Regardless, in White's eyes, the need for a place of one's own, a safe space, is clear, whatever it takes. It's an obvious tragedy for any one person, or Facebook group of 3,000 people, to view their world as decidedly unlivable. From a certain vantage, an idealistic commune could be considered nothing more than a feminist ghetto, where the marginalized are further marginalized, forced to a world divorced from the "real" one. Forty-six years after Cell 16's inception, Dunbar-Ortiz tells me that her original theory on communes as a means of liberation was "misguided." As a historian, she now sees the symbol of a commune as the mark of a political movement's devolvement; the equivalent of hands thrown up in the air, of giving up. "It really took a lot out energy of the movement," she says. "The ones that went out to the communes didn't have any societal effect, in terms of making changes, or a political impact," she explains.

We are putting feminism into actual practice rather than just discussing things.

"But it can develop into a nice lifestyle," she adds. "In that way, it's kind of elitist."

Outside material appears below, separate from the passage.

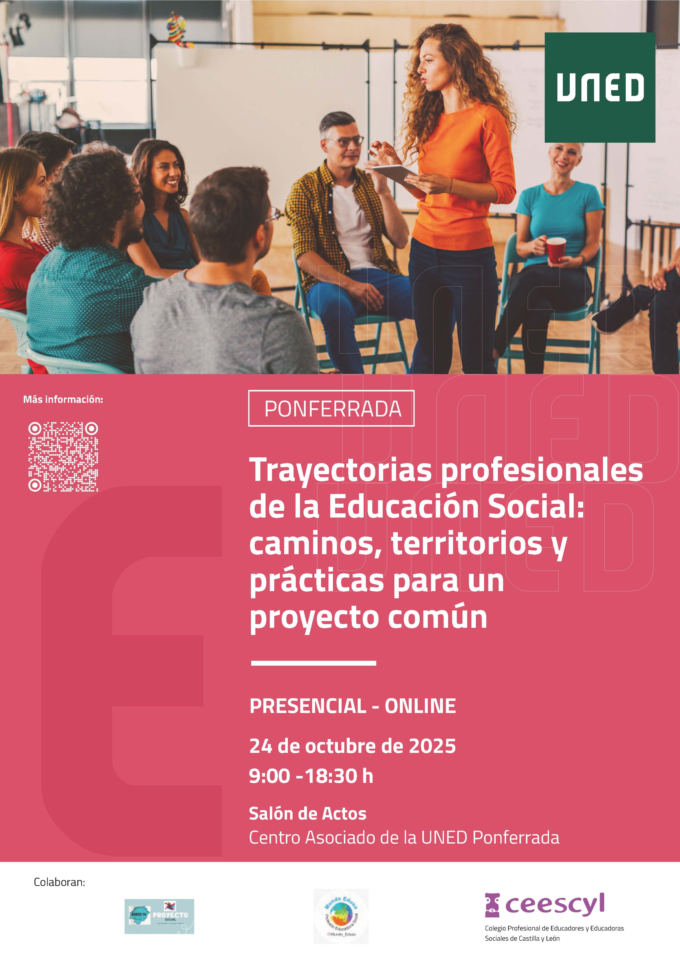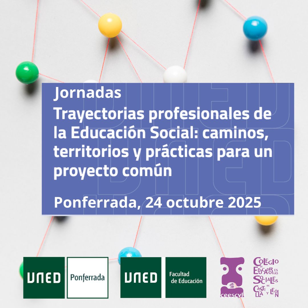 El Centro Asociado de la UNED en Ponferrada organiza, en colaboración con el Colegio Profesional de Educadores y Educadoras Sociales de Castilla y León (CEESCYL) la Jornada “Trayectorias profesionales de la Educación Social: caminos, territorios y prácticas para un proyecto común “, en el mes de la celebración del Día Internacional de la Educación Social y en el marco de las “Jornadas Institucionales UNED Educación Social 2025”.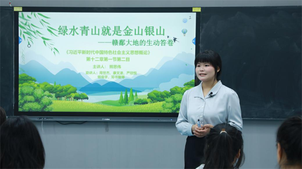 同日,在“绿水青山就是金山银山”专题教学中,思政课教师熊思伟与周世杰、康文凌等学生助讲团共同授课,通过案例分析、互动讨论等方式,探讨生态环境保护与经济发展的辩证关系。课堂上,学生结合江西南矶山、井冈山神山村等地的生态发展实践,分享对“两山”理论的理解与认识,展示江西省在生态保护与经济发展方面的成效。同时,学生还结合服装设计专业的学习实际,从绿色设计角度,探讨可持续发展理念在专业领域的应用。

For the typical, middle-class white women who chose life on womyn's lands in the 70s, the privilege inherent in opting out of the system holds true. It's also apparent that the intentional community demographic of today lingers around college-educated anarchists for whom poverty is a choice. Still, for those who can choose, opting for communal life is understandable. When you've been barred from obtaining one—or when one has been ripped from you, in White's case—sometimes a "nice lifestyle" is really all you're after. Even if Herland never realizes itself in the jungle, their sprawling Facebook group is almost a commune of its own. Next to the various polls trying to gauge what diet the community should follow or what types of living structures they should build are women—trans women included—telling their stories, getting support, sharing links and resources, and looking forward to the future.